Research

Double-masked randomised controlled trial of an amblyopia treatment

Prof Bruce Evans

Amblyopia has a prevalence of 1-4% and is the leading cause of monocular visual loss in the age group 20-70 years (Simons, 1996). Since AD 900 (Thabit Ibn Qurrah, 900), amblyopia has been treated by occluding the eye with better acuity. Although the lack of randomised controlled trials (RCTs) has been criticised (Moseley et al., 1995), this form of treatment is widely accepted clinically as long as the patient is treated within the so-called “sensitive period” or “critical period” of relatively high neural plasticity (Nelson, 1989).

Mallett (1983) claimed that amblyopia can be treated outside the sensitive period, in adults of up to at least 65 years. Other authors have also argued that relatively brief periods of active stimulation may be more effective than passive occlusion during everyday life (Wick et al., 1992). Mallett (1983) also claimed “moderate success” for anisometropic amblyopes.

Unfortunately, there have been no randomised controlled trials (RCTs) of the Mallett treatment. The whole subject of amblyopia treatment has recently become the subject of considerable controversy (Snowdon & Stewart-Brown, 1997) and this increases the importance of investigating Mallett’s claims.

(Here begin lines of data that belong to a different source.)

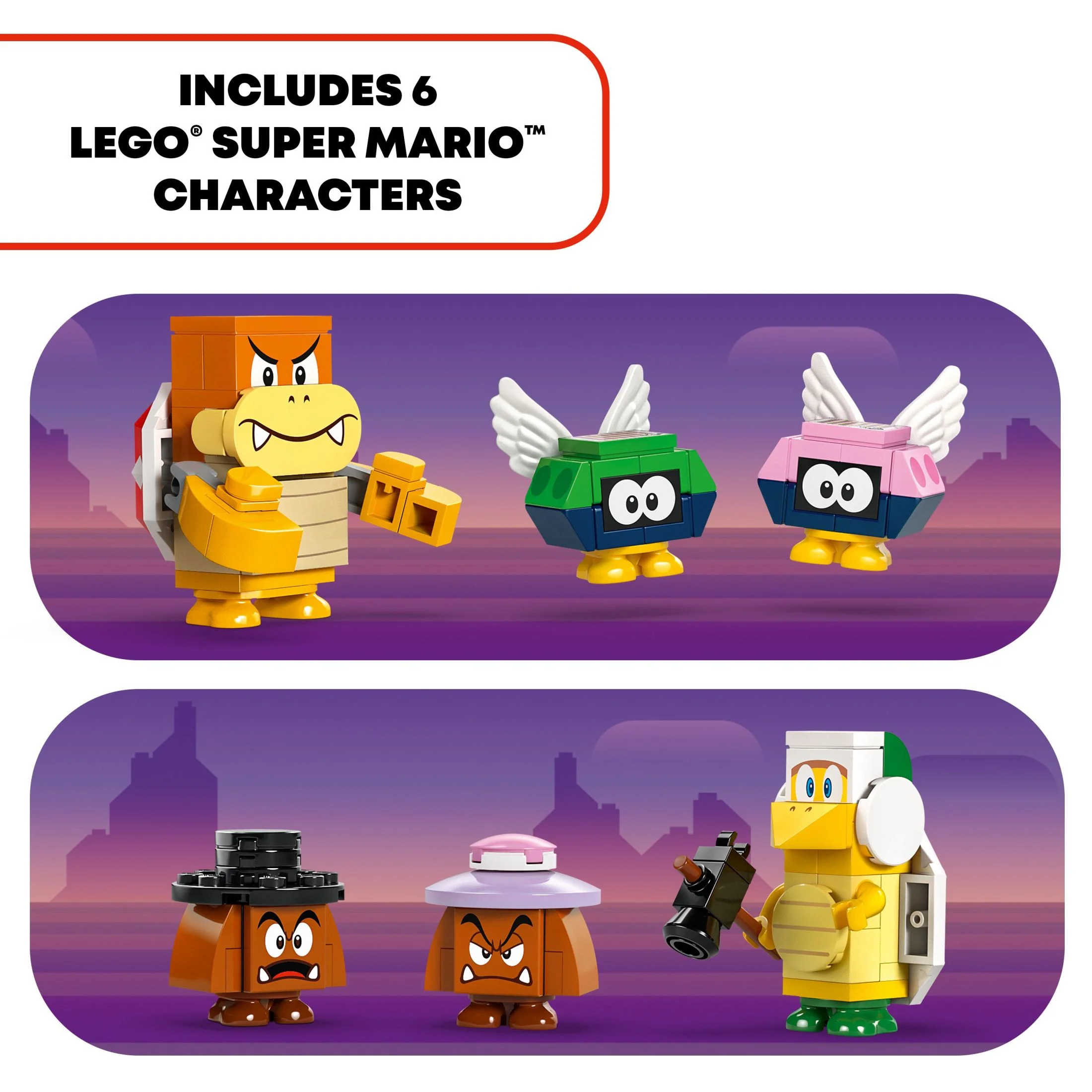 The Bowser Express Train toy for kids – All aboard for role-play fun and more with this LEGO Super Mario playset, featuring a detailed train, 2 train stations and a handcar Adventure playset featuring 6 LEGO Super Mario toy figures – A Hammer Bro, Boom Boom, 2 Goombas and 2 Para-Biddybuds Fun features – A train locomotive with a lever-operated spinning platform and Super Star Block, passenger wagon with a removable roof and a cannon wagon with a spring-loaded shooter Interactive digital play – Help LEGO Mario, LEGO Luigi or LEGO Peach (figures not included) chase the train in the handcar, defeat all enemies and drive the train to the station The companion LEGO Super Mario app – Download the app for building instructions, inspiring tips and more; for a list of compatible Android and iOS devices, visit LEGO.com/devicecheck Spark children’s imaginations – LEGO Super Mario playsets are designed for solo or social play, offering role play, digital coin-collecting and fun challenges through expansion and rebuilding Measurements – The Bowser toy train in this 1,392-piece set measures over 8.5 in. (22 cm) high, 26.5 in. (68 cm) long and 4.5 in. (12 cm) wide, and it can be used with other LEGO Super Mario sets
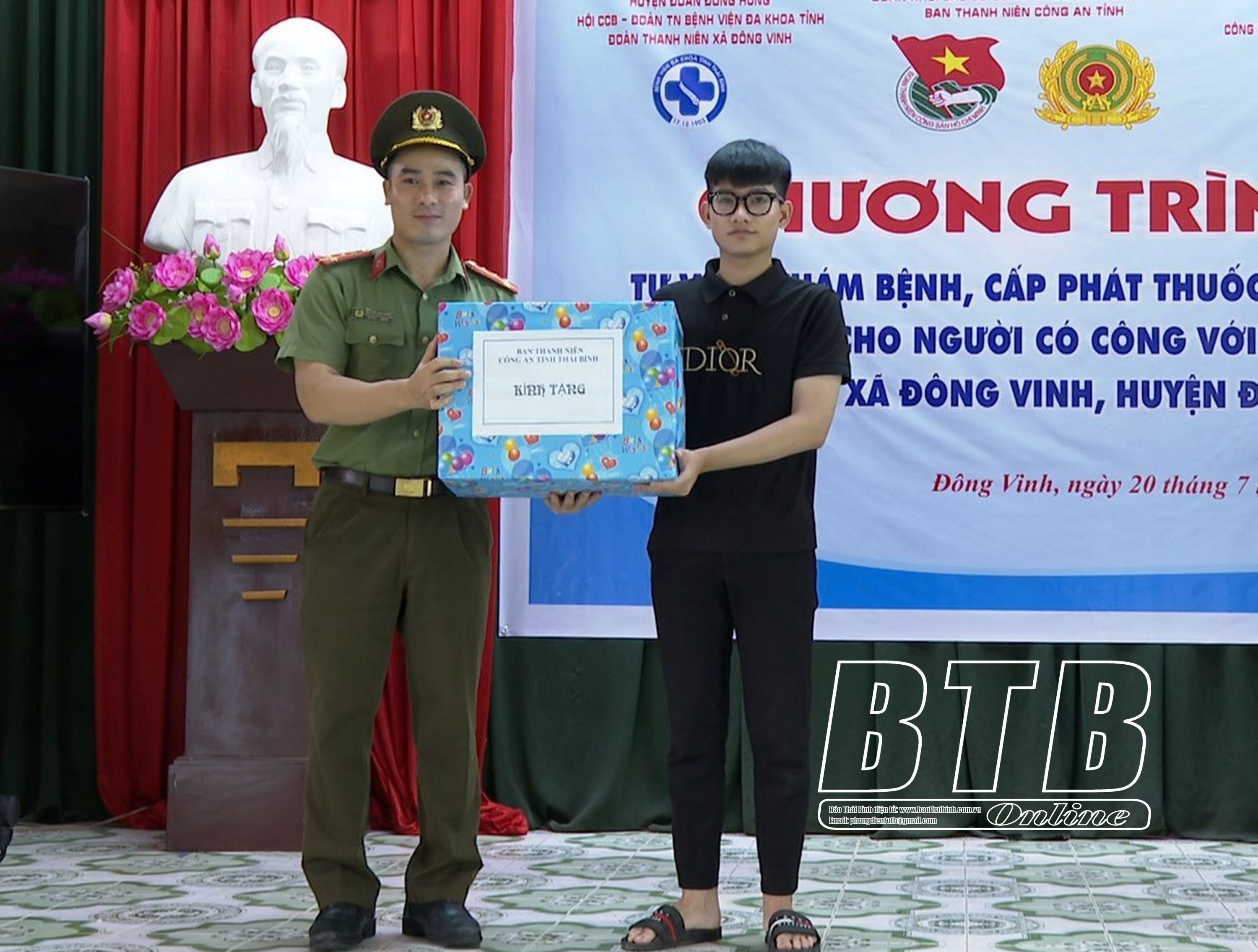 Sáng ngày 20/7, Đoàn Thanh niên Khối Các cơ quan và Doanh nghiệp tỉnh, Ban Thanh niên Công an tỉnh, Bệnh viện Đa khoa tỉnh, Công ty Cổ phần Phát triển quốc tế TTT MAX tổ chức chương trình khám bệnh, cấp thuốc miễn phí và tặng quà cho người có công, các đối tượng chính sách, người có hoàn cảnh khó khăn tại xã Đông Vinh (Đông Hưng).
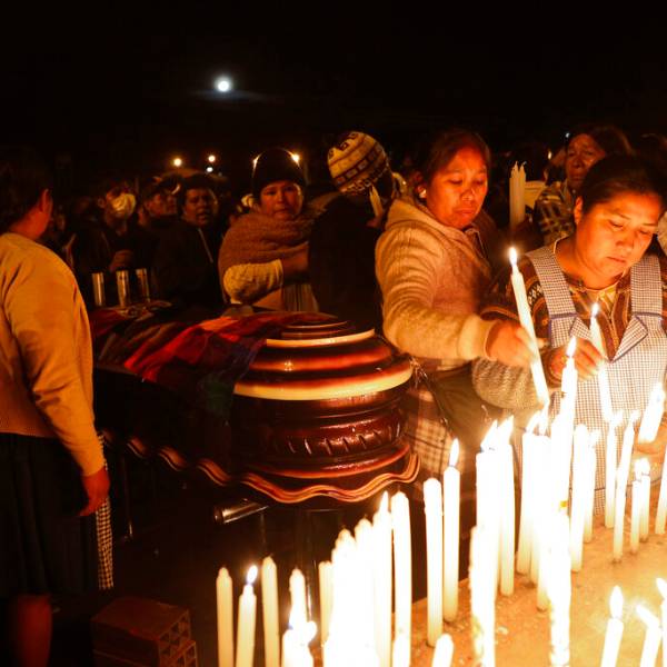 Una mujer llorosa puso su mano sobre un ataúd de madera rodeado de flores mientras preguntaba: “¿Esto es democracia? Así matando como si fuera cualquier cosa”. Otra lloraba y rezaba en quechua sobre el féretro de Omar Calle, que estaba cubierto con la bandera nacional boliviana y la “wiphala”, que representa a los pueblos indígenas.
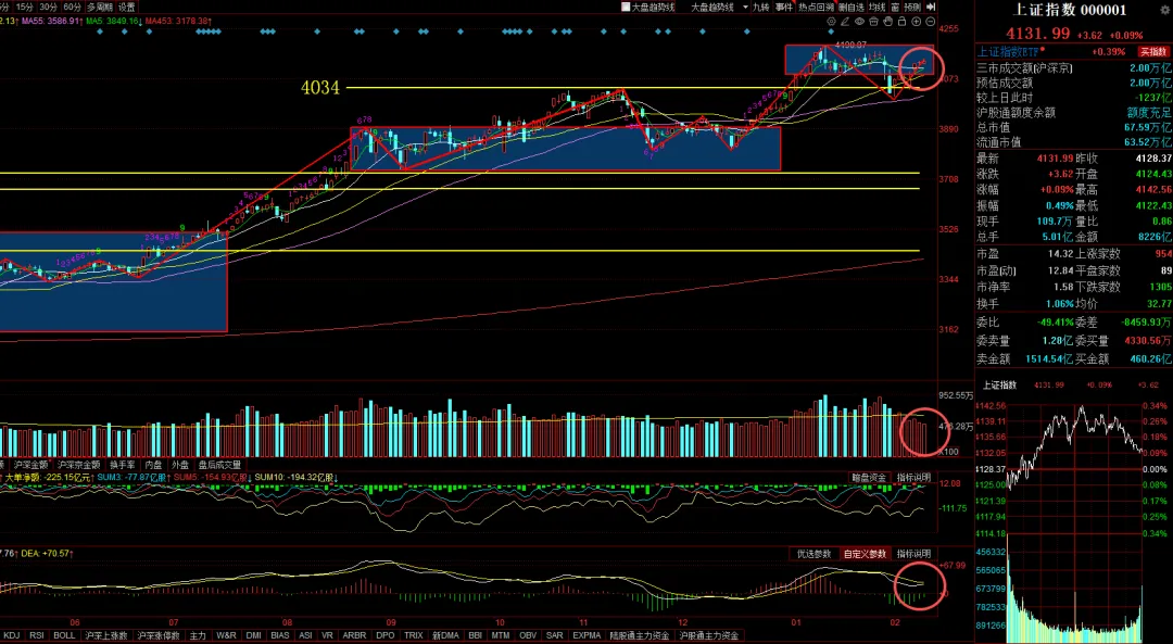 今天全天市场波动率还是很低,两市成交额继续缩量,昨天提到春节前各路资金无心恋战,基本确定最后二个交易日维持这种窄幅震荡的概率较大,目前根据市场的情绪和股价处于中枢上升阶段来看(如下图),基本确定这里没有高低点,没有系统性风险,震荡为主,持股过节。 大多数股民都想要过年红包行情,这种想法无可厚非,但资本市场是残酷的,在这个零和博弈的市场里,我们不应该因为过节而改变对股市的看法,股市的逻辑应该是一致性的,延续性的。昨天我说持股待涨的概率大,并不是因为看好节后将上涨,而是我判断节前的三天,市场波动率小,不足以改变现有的交易策略。我们现在就是持股待涨,延续了这个操作而已。股市真正的难点在于我们自身,想的太多,小聪明太多。

RCTs of another form of active amblyopia therapy, the CAM stimulator (Banks et al., 1978), showed that initial promising clinical results (Campbell et al., 1978) were attributable to practice and placebo effects (Tytla and Labow-Daily, 1981; Lennerstrand and Samuelson, 1983; Nyman et al., 1983).

Evans et al. (1999) carried out a clinical audit of Mallett’s IPS treatment for amblyopia. The mean improvement was two lines of the Snellen chart and 100% of this improvement had occurred after 5 treatment sessions.

The aim of this study is to compare the Mallett IPS treatment with a placebo, using a randomised double-masked protocol. Patients meeting strict diagnostic criteria for amblyopia are randomly allocated to an experimental and a control group. Subjects are treated for 6 weeks and, a week after the final treatment, acuities are measured but by a researcher who does not know which treatment the subjects have received.